PVE/API2/Ceph/OSD.pm | 27 +++++++++++++++++++++++----
1 file changed, 23 insertions(+), 4 deletions(-)
diff --git a/PVE/API2/Ceph/OSD.pm b/PVE/API2/Ceph/OSD.pm
index ded35990..43dad56b 100644
--- a/PVE/API2/Ceph/OSD.pm
+++ b/PVE/API2/Ceph/OSD.pm
@@ -275,6 +275,12 @@ __PACKAGE__->register_method ({
type => 'string',
description => "Set the device class of the OSD in crush."
},
+ 'osds-per-device' => {
+ optional => 1,
+ type => 'number',
+ minimum => '1',
+ description => 'OSD services per physical device. Can improve fast NVME utilization.',
+ },
},
},
returns => { type => 'string' },
@@ -294,6 +300,15 @@ __PACKAGE__->register_method ({
# extract parameter info and fail if a device is set more than once
my $devs = {};
+ # allow 'osds-per-device' only without dedicated db and/or wal devs. We cannot specify them with
+ # 'ceph-volume lvm batch' and they don't make a lot of sense on fast NVMEs anyway.

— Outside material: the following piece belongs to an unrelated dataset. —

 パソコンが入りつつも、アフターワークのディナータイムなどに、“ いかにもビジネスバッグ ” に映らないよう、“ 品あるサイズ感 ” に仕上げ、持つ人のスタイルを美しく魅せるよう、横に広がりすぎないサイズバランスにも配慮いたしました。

+ if ($param->{'osds-per-device'}) {
+ for my $type ( qw(db_dev wal_dev) ) {
+ die "Cannot use 'osds-per-device' parameter with '${type}'"
+ if $param->{$type};
+ }
+ }
+
my $ceph_conf = cfs_read_file('ceph.conf');
my $osd_network = $ceph_conf->{global}->{cluster_network};
@@ -364,8 +379,6 @@ __PACKAGE__->register_method ({
my $monstat = $rados->mon_command({ prefix => 'quorum_status' });
die "unable to get fsid\n" if !$monstat->{monmap} || !$monstat->{monmap}->{fsid};
- my $fsid = $monstat->{monmap}->{fsid};
- $fsid = $1 if $fsid =~ m/^([0-9a-f\-]+)$/;
my $ceph_bootstrap_osd_keyring = PVE::Ceph::Tools::get_config('ceph_bootstrap_osd_keyring');
@@ -470,7 +483,10 @@ __PACKAGE__->register_method ({
$test_disk_requirements->($disklist);
my $dev_class = $param->{'crush-device-class'};
- my $cmd = ['ceph-volume', 'lvm', 'create', '--cluster-fsid', $fsid ];
+ # create allows for detailed configuration of DB and WAL devices
+ # batch for easy creation of multiple OSDs (per device)

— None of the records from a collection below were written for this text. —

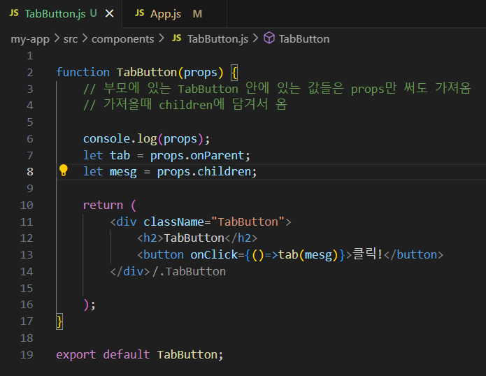 - JSX에서 이벤트 처리는 카멜표기법(onClick, onChange) 을 사용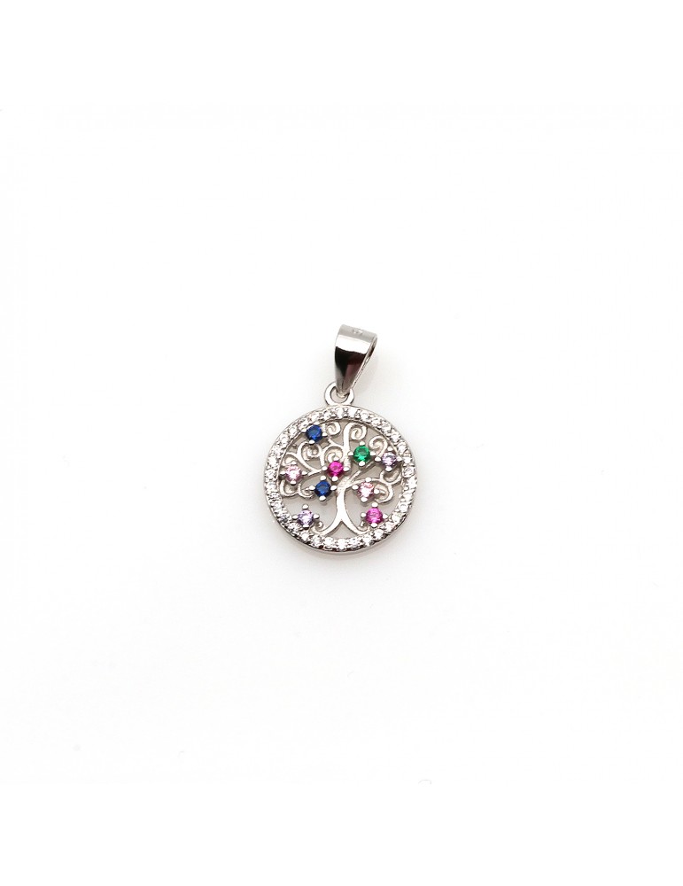 Rigtig sødt sølv vedhæng - livets træ med farvede zirkonia.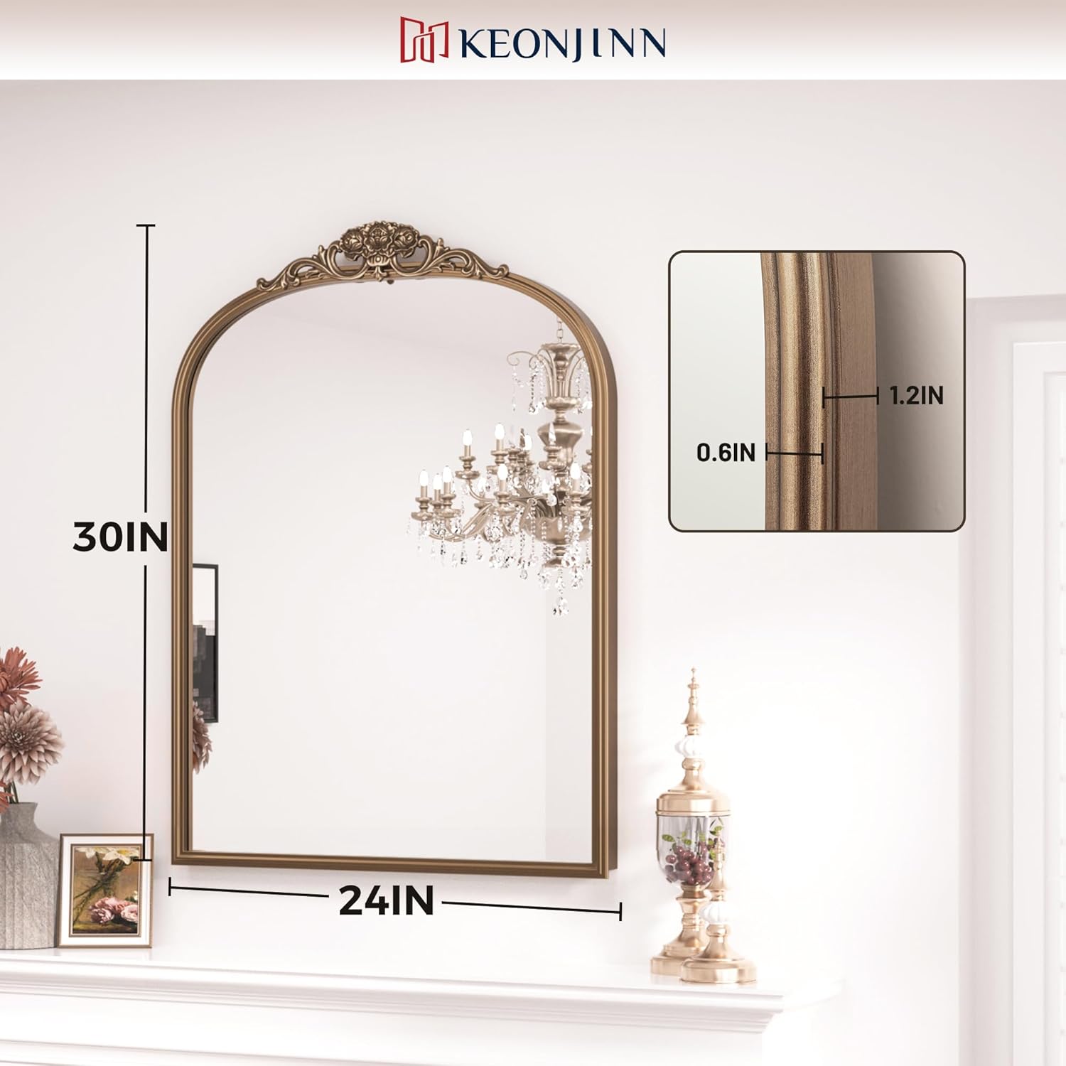 - 【Baroque-inspired Charm】 Keonjinn Antique Arched Mirror is a timeless piece designed to elevate your wall décor. Inspired by the opulence of the Baroque era, this mirror exudes historical charm with its graceful arched design and intricate wooden floral crown, creating a captivating focal point in any room.

+ my $create_mode = $param->{'osds-per-device'} ? 'batch' : 'create';
+ my $cmd = ['ceph-volume', 'lvm', $create_mode ];
push @$cmd, '--crush-device-class', $dev_class if $dev_class;
my $devname = $devs->{dev}->{name};
@@ -504,8 +520,11 @@ __PACKAGE__->register_method ({
push @$cmd, "--block.$type", $part_or_lv;
}
- push @$cmd, '--data', $devpath;
+ push @$cmd, '--data' if $create_mode eq 'create';
+ push @$cmd, $devpath;
push @$cmd, '--dmcrypt' if $param->{encrypted};
+ push @$cmd, '--osds-per-device', $param->{'osds-per-device'}, '--yes'
+ if $create_mode eq 'batch';
PVE::Diskmanage::wipe_blockdev($devpath);
--
2.30.2
^ permalink raw reply [flat|nested] 4+ messages in thread
* Re: [pve-devel] [PATCH manager] fix #4631: ceph: osd: create: add osds-per-device
2023-04-18 12:26 [pve-devel] [PATCH manager] fix #4631: ceph: osd: create: add osds-per-device Aaron Lauterer
@ 2023-08-21 8:20 ` Fiona Ebner
2023-08-21 10:51 ` Aaron Lauterer
0 siblings, 1 reply; 4+ messages in thread
From: Fiona Ebner @ 2023-08-21 8:20 UTC (permalink / raw)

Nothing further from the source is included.